Saved entries —
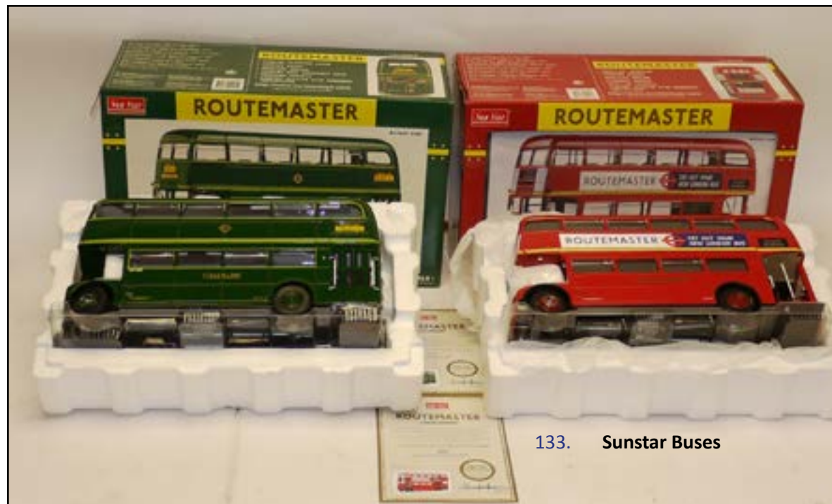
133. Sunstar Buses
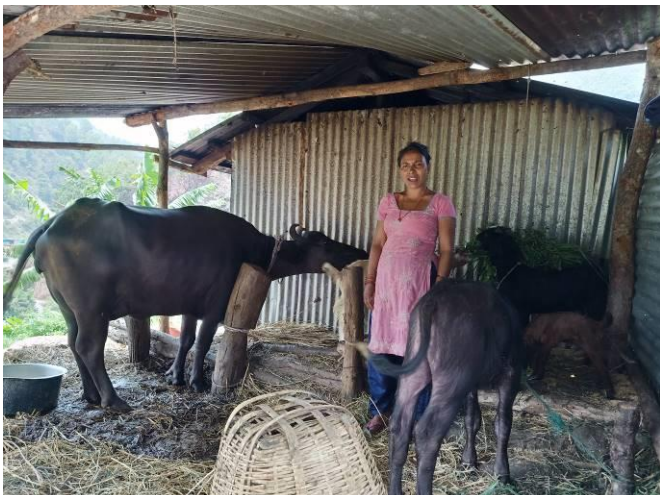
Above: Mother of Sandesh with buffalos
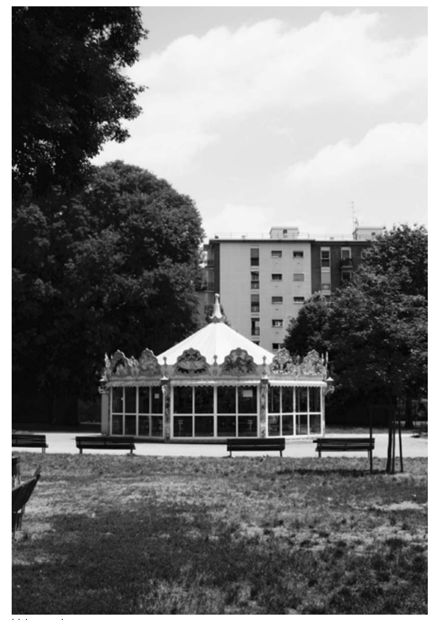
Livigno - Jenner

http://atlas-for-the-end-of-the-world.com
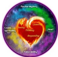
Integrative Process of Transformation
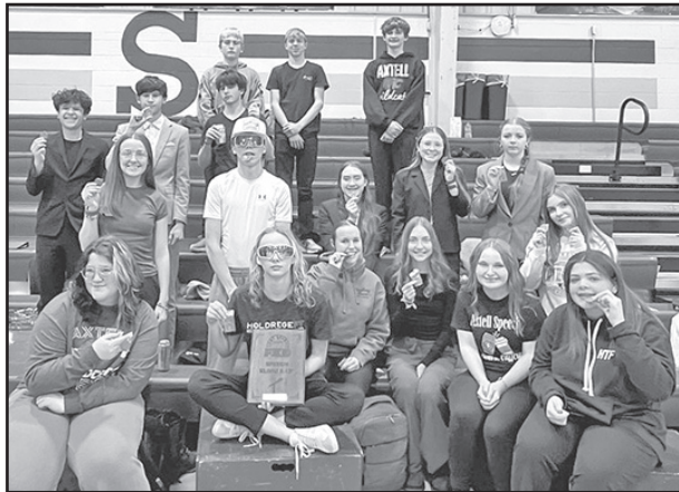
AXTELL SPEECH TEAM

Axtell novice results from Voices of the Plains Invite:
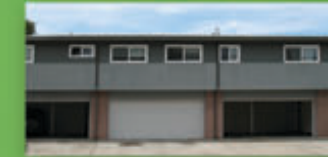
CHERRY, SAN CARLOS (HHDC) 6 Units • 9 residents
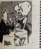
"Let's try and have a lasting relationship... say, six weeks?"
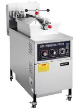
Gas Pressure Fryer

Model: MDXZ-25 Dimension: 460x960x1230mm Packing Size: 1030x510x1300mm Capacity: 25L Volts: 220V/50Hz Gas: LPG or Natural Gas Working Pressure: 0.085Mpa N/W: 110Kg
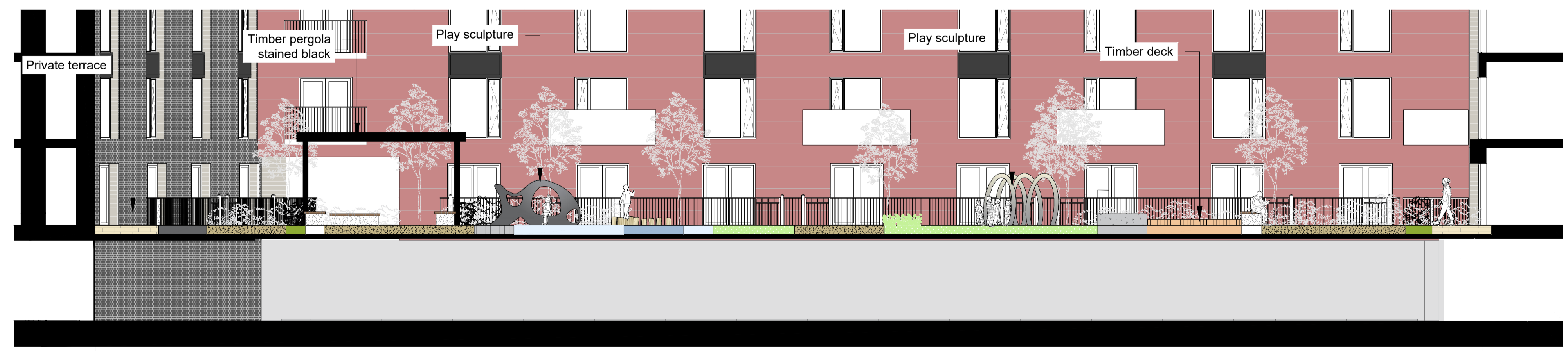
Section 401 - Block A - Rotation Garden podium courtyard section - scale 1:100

What to work on —
No pictures go in the copy. Retype exactly the lines from the one with "http://atlas-for-the-end-of-the-world.com" through the last line of the entries above, both included, and nothing more.

Result of this exercise —
http://atlas-for-the-end-of-the-world.com
Integrative Process of Transformation
AXTELL SPEECH TEAM

Axtell novice results from Voices of the Plains Invite:
CHERRY, SAN CARLOS (HHDC) 6 Units • 9 residents
"Let's try and have a lasting relationship... say, six weeks?"
Gas Pressure Fryer

Model: MDXZ-25 Dimension: 460x960x1230mm Packing Size: 1030x510x1300mm Capacity: 25L Volts: 220V/50Hz Gas: LPG or Natural Gas Working Pressure: 0.085Mpa N/W: 110Kg
Section 401 - Block A - Rotation Garden podium courtyard section - scale 1:100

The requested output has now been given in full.